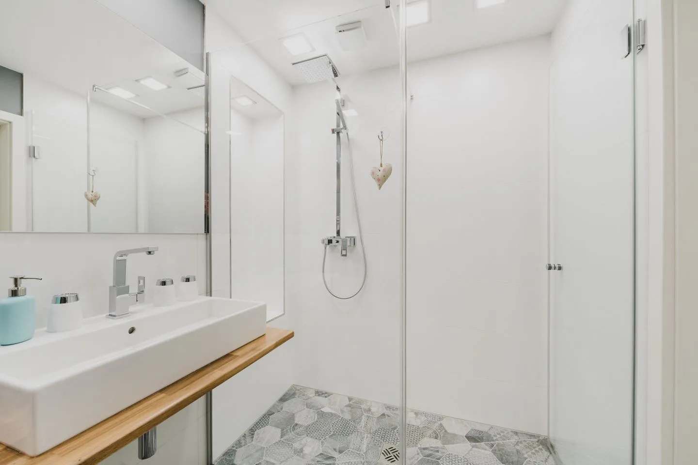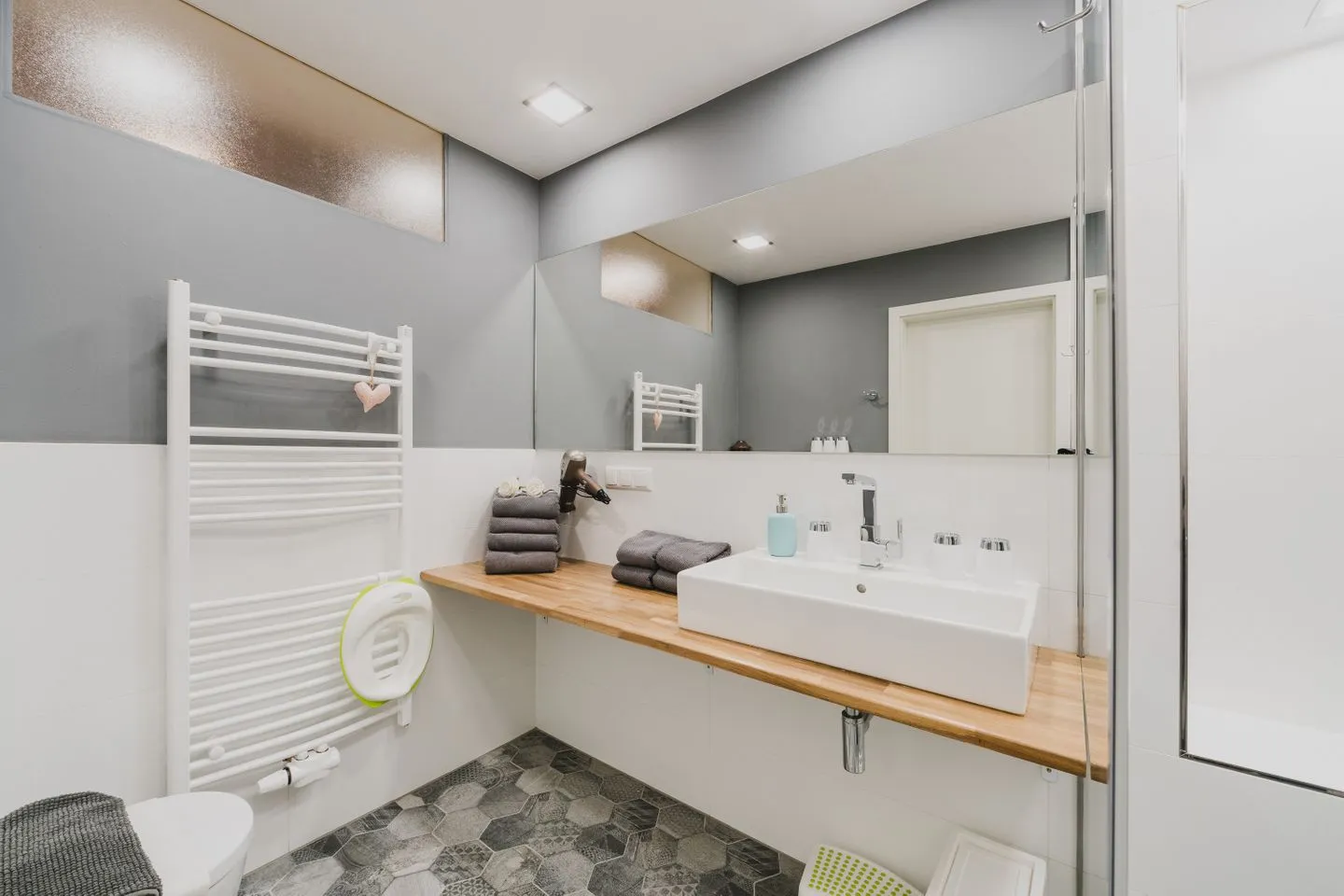 Auf zwei Etagen bietet die Ferienwohnung 5 Schlafzimmer: vier mit Doppelbetten (180×200 & 160×200 cm) sowie ein kleines fünftes Schlafzimmer (140×200 cm), das über ein anderes Zimmer erreichbar ist. Zusätzlich steht eine Schlafcouch im oberen Wohnbereich zur Verfügung. Zwei moderne Duschbäder sorgen für Komfort.
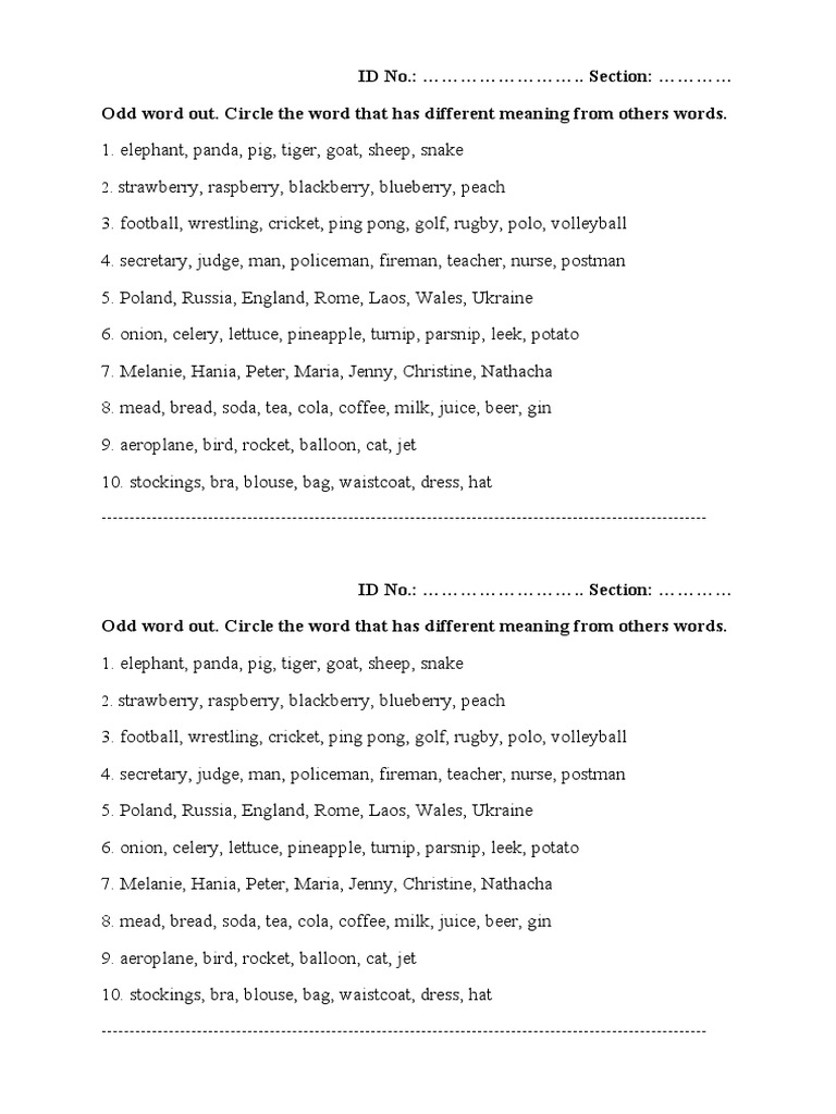 English Words & Vocabulary Worksheets Odd Word Out 3 Teaching
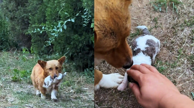 Once we arrived at my house, I prepared a warm, nutritious meal for her. I expected her to bolt it down, but she hesitated. Instead of eating, she took a large piece of food in her mouth and walked toward me, looking at me with a pitiful, pleading gaze.
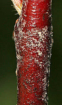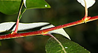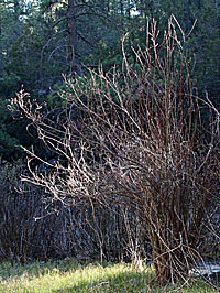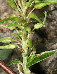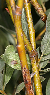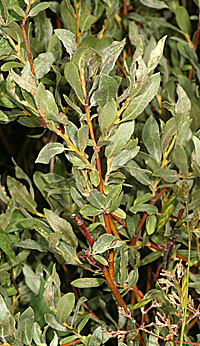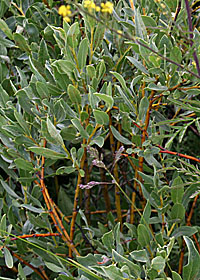 | Wolf Willow, Salix wolfii, growing in a marshy meadow at Rocky Mountain Biological Laboratory, Gothic, Colorado, elevation 9,400 Feet, July 21, 2007. A short willow with reddish orange trunks. Twigs yellow orange, midsized stems yellow orange, lower bark gray green. Height is 1 meter, leaves alternate, length 38 mm, width 19 mm. | |||||
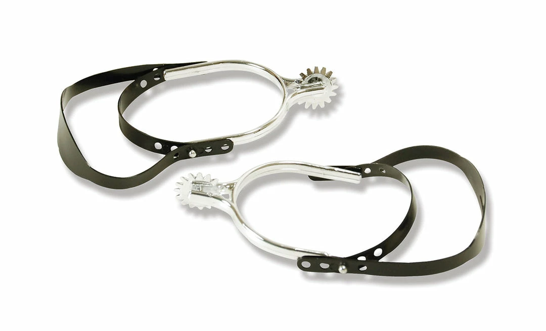 Silver Cowboy Spurs With Black Straps. Perfect for putting the finishing touches to a cowboy or cowgirl costume or western themed fancy dress party.
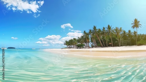 © hooyah808, Naklejka premium A beautiful tropical beach with palm trees and a clear blue sky, adds to its picturesque charm. This tranquil coastal setting evokes images of summer
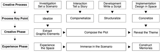Based on the value generated by economic activities, Pine and Gilmore (2011) [38] proposed the experience economy model. They divided the value generated by economic activities into four categories: goods, commodities, services, and experiences. Building on this model, creative workers divided the process of transforming texts into products into the following four steps: (1) setting the scene; (2) telling a story; (3) writing a script; (4) and designing a product or thing [32,39,40,41]. Based on the literature review and above methodological research, the research framework of this paper was formed (see Figure 6).
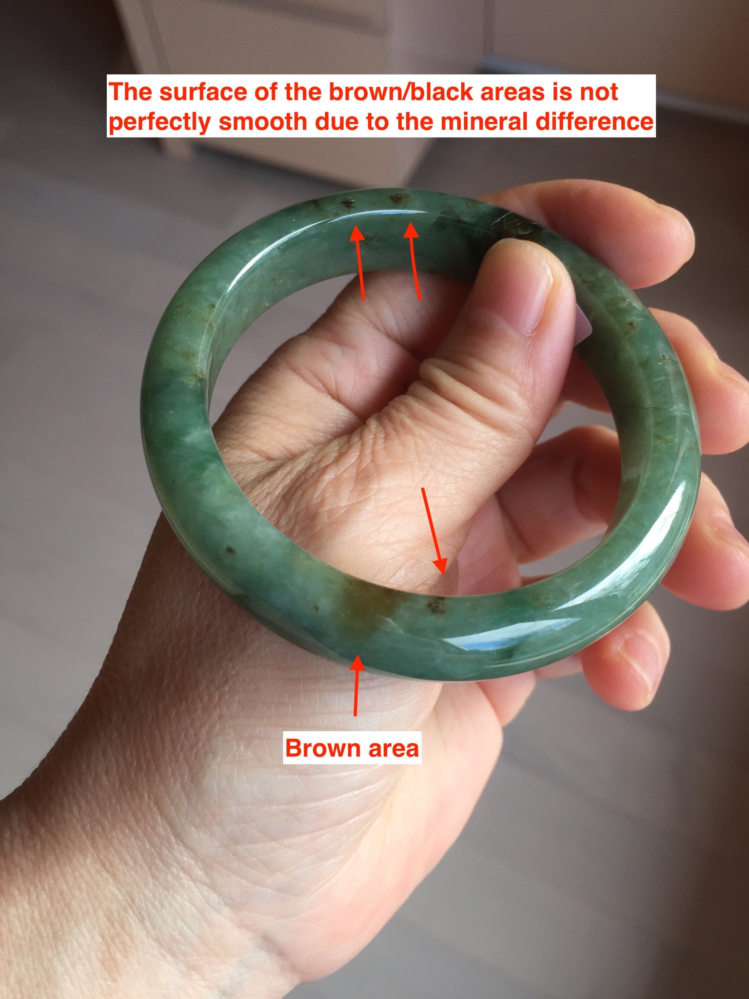 Some cracks. One of them is an around the bangle crack. But the inner part of the bangle is connected. The bangle is solid(Guaranteed). Makes high pitched sound when clicked. Some hairlines, color roots, or cotton lines. The surface of the brown/black areas is not perfectly smooth due to the mineral difference.  No transparent. Has some gray colors.

* [Work instructions]
Return only the stretch above from the line containing "width 19 mm. | |||||" through the line containing "images of summer", word for word and without pictures.

* [Solved exercise]
 | Wolf Willow, Salix wolfii, growing in a marshy meadow at Rocky Mountain Biological Laboratory, Gothic, Colorado, elevation 9,400 Feet, July 21, 2007. A short willow with reddish orange trunks. Twigs yellow orange, midsized stems yellow orange, lower bark gray green. Height is 1 meter, leaves alternate, length 38 mm, width 19 mm. | |||||
 Silver Cowboy Spurs With Black Straps. Perfect for putting the finishing touches to a cowboy or cowgirl costume or western themed fancy dress party.
 © hooyah808, Naklejka premium A beautiful tropical beach with palm trees and a clear blue sky, adds to its picturesque charm. This tranquil coastal setting evokes images of summer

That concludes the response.